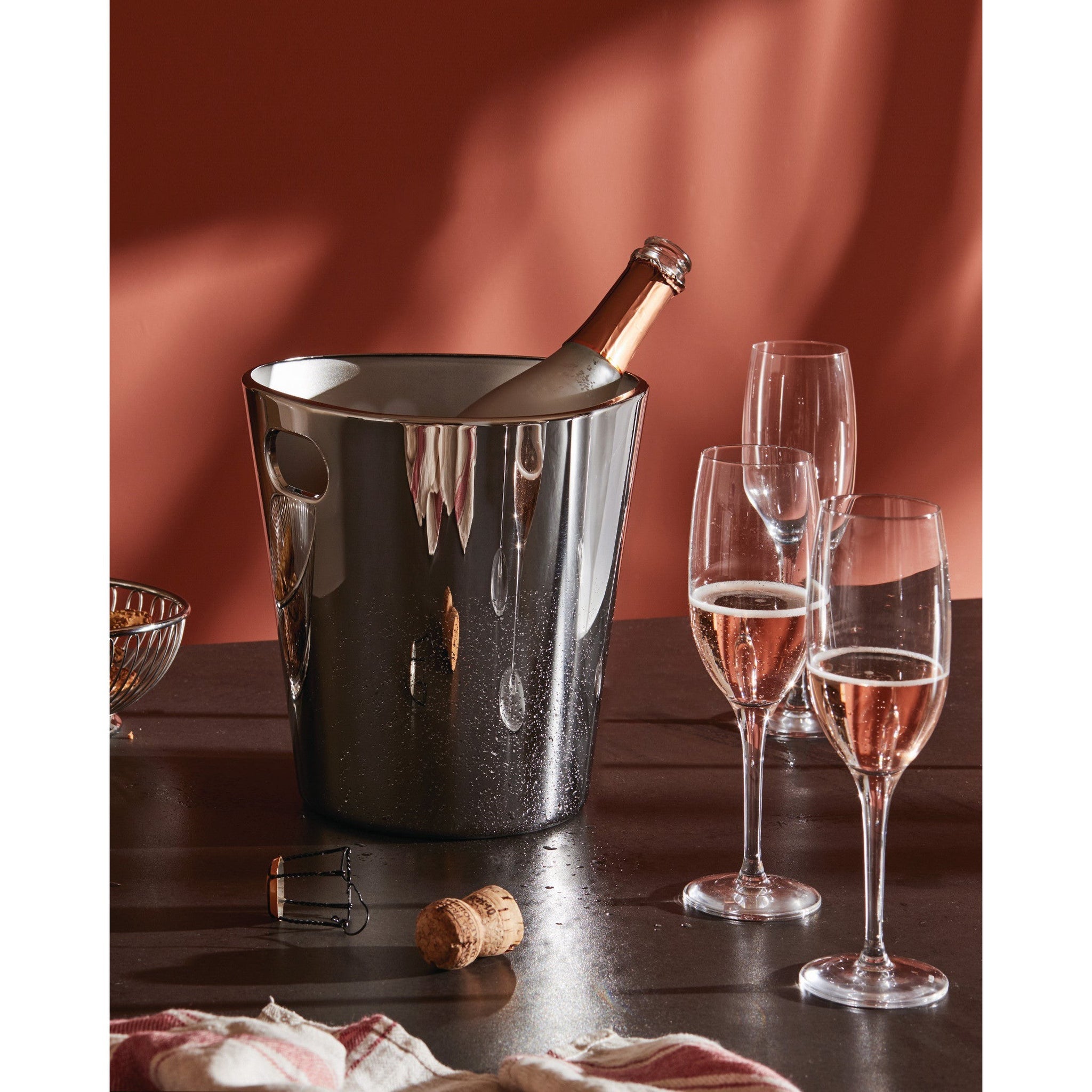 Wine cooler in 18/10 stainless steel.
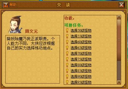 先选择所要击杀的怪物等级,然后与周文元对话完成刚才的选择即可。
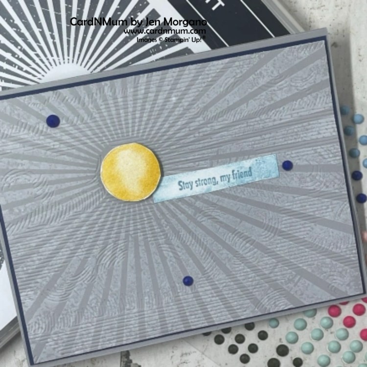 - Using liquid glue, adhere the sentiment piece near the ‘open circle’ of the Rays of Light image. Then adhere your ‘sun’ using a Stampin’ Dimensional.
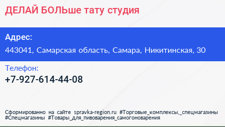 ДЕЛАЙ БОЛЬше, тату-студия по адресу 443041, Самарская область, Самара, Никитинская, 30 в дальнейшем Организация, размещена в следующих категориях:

== YOUR TASK ==
Write out, exactly and with no pictures, the lines of the data from the first through the line containing "- Using liquid".

== EXERCISE SOLUTION ==
 Wine cooler in 18/10 stainless steel.
 先选择所要击杀的怪物等级,然后与周文元对话完成刚才的选择即可。
 - Using liquid glue, adhere the sentiment piece near the ‘open circle’ of the Rays of Light image. Then adhere your ‘sun’ using a Stampin’ Dimensional.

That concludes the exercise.